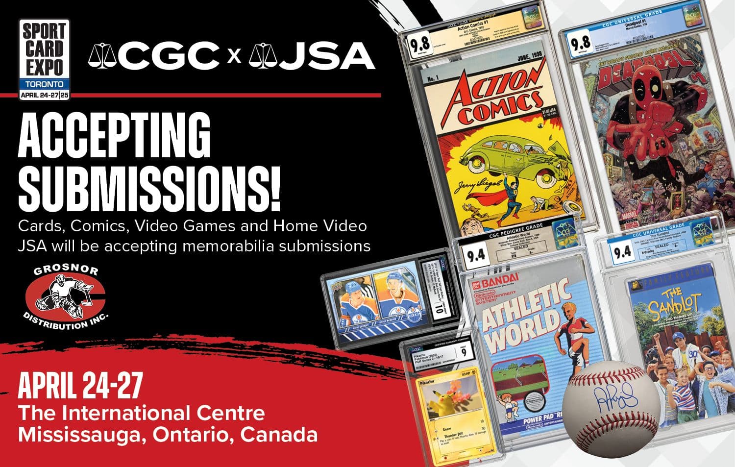 CGC® is excited to be accepting submissions of sports cards, TCGs, non-sports cards, comics, magazines, video games and home video collectibles through our Official Submission Center, Grosnor Distribution Inc., at Sport Card Expo, being held at The International Centre in Mississauga, Ontario, Canada, on April 24-27, 2025. In addition, JSA® representatives will be in attendance to accept autographed memorabilia submissions.
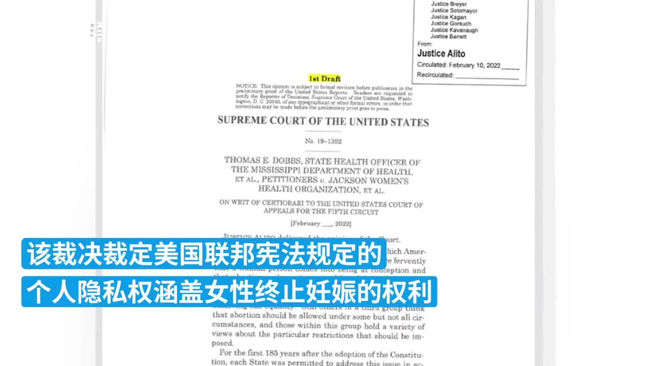 “这些权利不支持堕胎的权利。同样地,我们认为宪法不赋予堕胎权的结论,也不会以任何方式削弱这些权利,”阿利托在《美国政治新闻网》(Politico)发布的意见草案中写道。
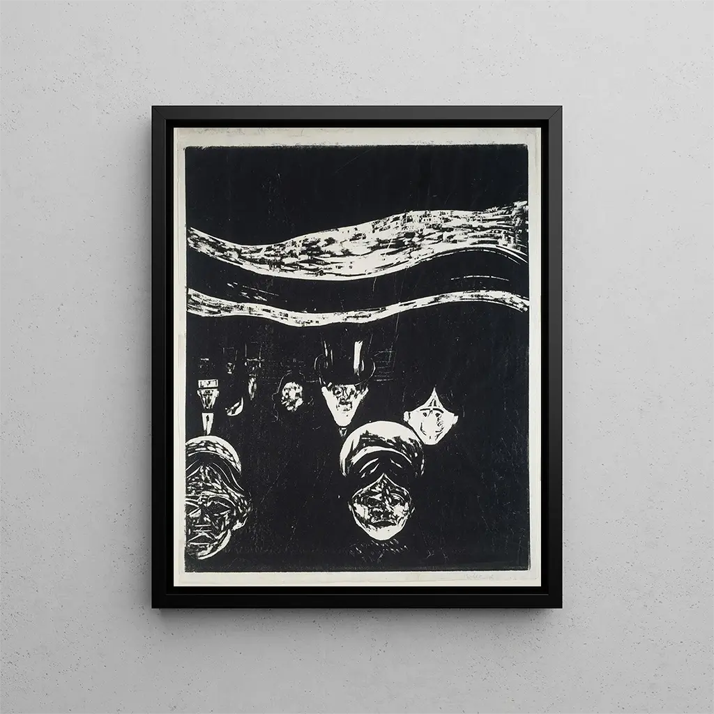 L'œuvre "Angst" van Edvard Munch belichaamt een indringende verkenning van de menselijke emotionele tumulten. Door dit doek slaagt de Noorse kunstenaar erin de essentie van angst vast te leggen, een terugkerend thema in zijn werk. Dit stuk, gemaakt aan het einde van de 19e eeuw, onderscheidt zich door zijn vermogen om universele gevoelens op te roepen, waardoor de existentiële angst die elk individu bezielt, weerklinkt. Bij het bekijken van deze kunstdruk wordt de kijker uitgenodigd om onder te dompelen in een wereld waar emoties tastbaar zijn, waar de kwetsbaarheid van de menselijke ziel met een ontzagwekkende intensiteit wordt onthuld.
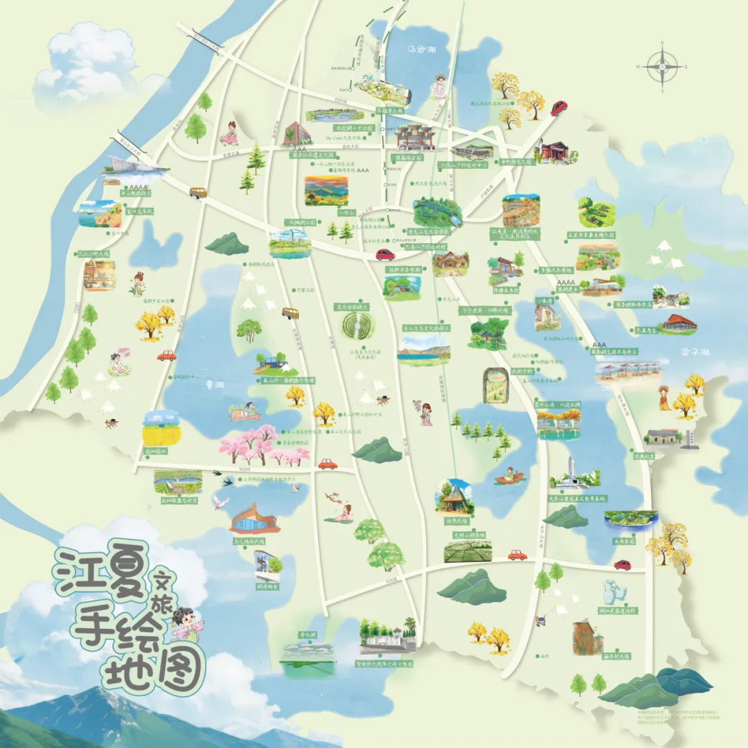 有了江夏文旅手绘地图这个超酷“导游”,就像给咱的吃喝玩乐之旅装上了精准导航。跟着它蹦蹦跳跳地出发,美食在召唤,好玩的地方在招手,保证在江夏玩得那叫一个不亦乐乎,绝不迷路哟!

- _Exercise description_: Apart from the pictures, the whole listing should be reproduced exactly.

- _Output for this exercise_:
 CGC® is excited to be accepting submissions of sports cards, TCGs, non-sports cards, comics, magazines, video games and home video collectibles through our Official Submission Center, Grosnor Distribution Inc., at Sport Card Expo, being held at The International Centre in Mississauga, Ontario, Canada, on April 24-27, 2025. In addition, JSA® representatives will be in attendance to accept autographed memorabilia submissions.
 “这些权利不支持堕胎的权利。同样地,我们认为宪法不赋予堕胎权的结论,也不会以任何方式削弱这些权利,”阿利托在《美国政治新闻网》(Politico)发布的意见草案中写道。
 L'œuvre "Angst" van Edvard Munch belichaamt een indringende verkenning van de menselijke emotionele tumulten. Door dit doek slaagt de Noorse kunstenaar erin de essentie van angst vast te leggen, een terugkerend thema in zijn werk. Dit stuk, gemaakt aan het einde van de 19e eeuw, onderscheidt zich door zijn vermogen om universele gevoelens op te roepen, waardoor de existentiële angst die elk individu bezielt, weerklinkt. Bij het bekijken van deze kunstdruk wordt de kijker uitgenodigd om onder te dompelen in een wereld waar emoties tastbaar zijn, waar de kwetsbaarheid van de menselijke ziel met een ontzagwekkende intensiteit wordt onthuld.
 有了江夏文旅手绘地图这个超酷“导游”,就像给咱的吃喝玩乐之旅装上了精准导航。跟着它蹦蹦跳跳地出发,美食在召唤,好玩的地方在招手,保证在江夏玩得那叫一个不亦乐乎,绝不迷路哟!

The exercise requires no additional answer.